- _The problem_:
From the listing below, output the lines between the one with "This semi slouch" and the one with "Креветка на вилке, изолированная на белом", including those two, and nothing else. Pictures are not copied.

- _Records for processing_:
----------------------------------------
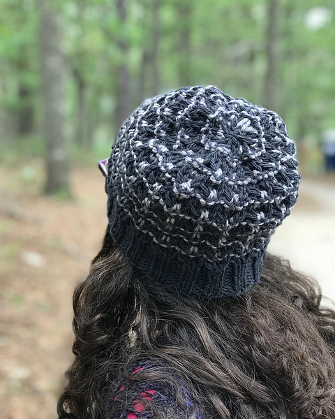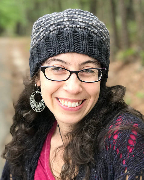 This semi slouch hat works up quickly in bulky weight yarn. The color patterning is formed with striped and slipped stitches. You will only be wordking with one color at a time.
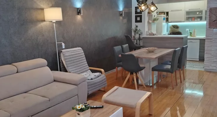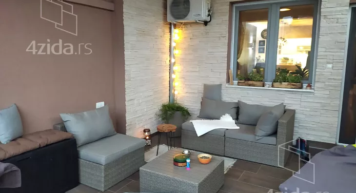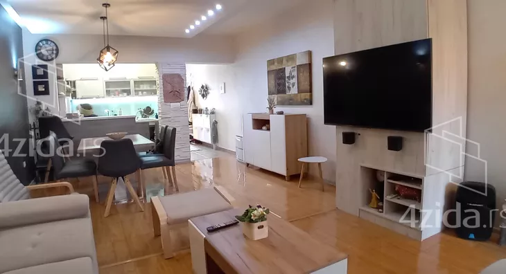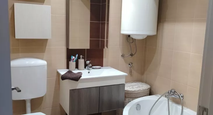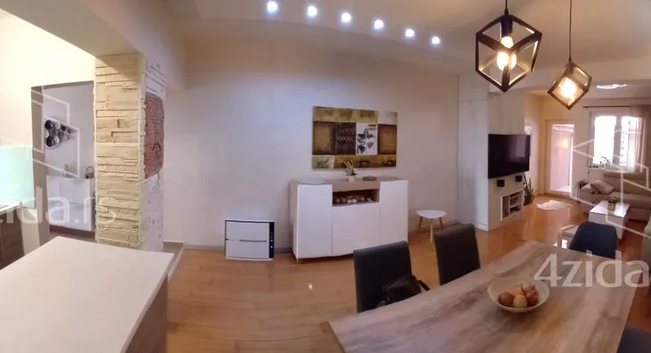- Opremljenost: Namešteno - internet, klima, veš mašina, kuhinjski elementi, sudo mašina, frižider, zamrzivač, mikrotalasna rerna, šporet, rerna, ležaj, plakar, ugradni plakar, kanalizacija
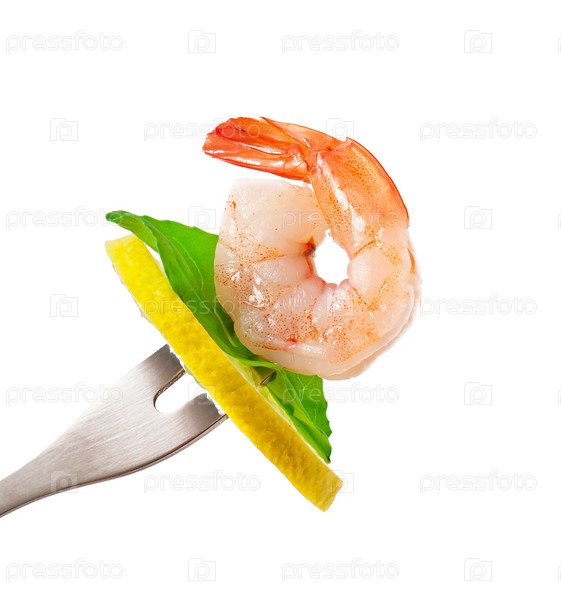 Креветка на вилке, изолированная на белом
----------------------------------------
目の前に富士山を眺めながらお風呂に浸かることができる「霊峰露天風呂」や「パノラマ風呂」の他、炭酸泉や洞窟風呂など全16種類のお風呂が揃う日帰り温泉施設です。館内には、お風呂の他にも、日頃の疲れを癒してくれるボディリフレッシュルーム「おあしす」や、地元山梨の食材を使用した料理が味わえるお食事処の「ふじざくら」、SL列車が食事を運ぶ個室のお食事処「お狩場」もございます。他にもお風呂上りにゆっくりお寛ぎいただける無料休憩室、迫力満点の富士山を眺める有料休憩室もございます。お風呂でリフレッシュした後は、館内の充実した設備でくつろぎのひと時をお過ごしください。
----------------------------------------
- _Solution to the exercise_:
 This semi slouch hat works up quickly in bulky weight yarn. The color patterning is formed with striped and slipped stitches. You will only be wordking with one color at a time.
- Opremljenost: Namešteno - internet, klima, veš mašina, kuhinjski elementi, sudo mašina, frižider, zamrzivač, mikrotalasna rerna, šporet, rerna, ležaj, plakar, ugradni plakar, kanalizacija
 Креветка на вилке, изолированная на белом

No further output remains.